Zaha didn’t arrive for another hour—an eye infection that morning had her waiting for the hotel doctor—and in her absence the patient (a quality no doubt cultivated by the local traffic conditions) minister introduced his book of poems and asked, through his interpreter, who was my favorite contemporary poet. Being non-versed in verse, I struggled, and when after a while I wasn’t able to answer him, the amused minister decided I should recite some of his favorite translations from his book. With sweat freely flowing from my pores, the congested roads of Beijing began to look good by comparison.

The minister explained the penchant in his province for body painting that, in the intricacy of its patterns, emulates embroidered silk fabrics, and told me about the secret existence of only two extant torso-scaled preserved human tattooed skins, one of which was in a private collection that he offered to share with us, should we take him up on his offer for a visit. The thought of it was a bit much to stomach on top of the gooey, glutinous dishes endlessly circling around the table’s Lazy Susan.

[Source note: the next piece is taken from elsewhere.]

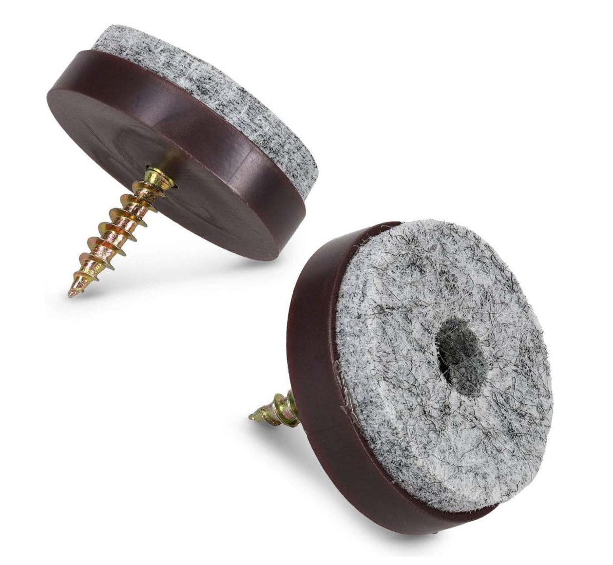 Protectores de fieltro con tornillo diseñados para proteger pisos y facilitar el desplazamiento de muebles. Ideales para sillas, mesas, sofás y muebles de madera. Su fijación mediante tornillo proporciona mayor estabilidad y durabilidad que los protectores adhesivos convencionales.

A little later, an acute MSG episode in my hotel room, which introduced me in unattractive ways to a fully electronic, heated toilet, inspired me to write my own poem: “Ok I sometimes sit when I pee / Which I don’t admit with glee / But this heated gizmo / That opens when you come near / Flushes when you disappear / And if you don’t beat / A hasty retreat / Is sure to singe your rear.” And then I was summoned to a luncheon with a college pal I hadn’t seen for more than 25 years, a daunting and potentially unpleasant undertaking that came about as a result of Facebook. But the thought of a lone sightseeing expedition was even less appealing. We were accompanied by a U.K. and Chinese print journalist who was insightful on some of the finer points of Asian existence. Many Chinese have assumed English names for work purposes. Apparently, they are given the option of choosing these names, and corporate entities provide thick, alphabetically arranged books to employees who are loath to wade all the way through them, hence an abundance of women named Aida. Other names my friend has encountered include Lucifer, Panic and Refrigerator. Personally, I’d go by Vino, something nice and exotic sounding, and close to the heart.

Exterior view of Soho Galaxy by Hadid. (Courtesy Kenny Schachter)

And then, on the third and final day of my whirlwind trip, it was finally time for the grand opening of Soho Galaxy, Zaha’s new three-building office complex, which looks like what would happen if the Guggenheim gave birth to gigantic Siamese triplets. Buildings by foreign architects haven’t all been well received in this city, despite their fame abroad. The CCTV headquarters designed by Rem Koolhaas, which I am not alone in seeing as one of the world’s truly spectacular works of architecture, has been almost universally derided in China as having crummy feng shui, resembling a crouching woman (from which angle I never quite figured), a vagina (though I’ve yet to see a rectangular one) and being evidence of China embracing dictates of Western culture at the expense of local talent. On top of all that, some consider it cursed by a fire that occurred during construction.